▸ Stored data
= Beginning of Section =

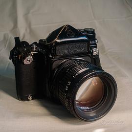 Vendo collezione Pentax medio formato 6x7/67, completa di corpo macchina, mirini e ottiche, in condizioni eccellenti ad eccezione del corpo (vedi sotto).
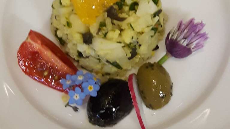 Halbpension mit reichhaltigem Frühstücksbüffet und ein Abendessen mit einem Drei-Gang-Menü.
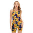 Tropical Leaf And Hawaiian Flower Print Sleeveless One Piece Swimsuit

= End of Section =

▸ Instructions for the task
A verbatim copy of the material, pictures excluded, is what must be produced.

▸ Response to this exercise
 Vendo collezione Pentax medio formato 6x7/67, completa di corpo macchina, mirini e ottiche, in condizioni eccellenti ad eccezione del corpo (vedi sotto).
 Halbpension mit reichhaltigem Frühstücksbüffet und ein Abendessen mit einem Drei-Gang-Menü.
 Tropical Leaf And Hawaiian Flower Print Sleeveless One Piece Swimsuit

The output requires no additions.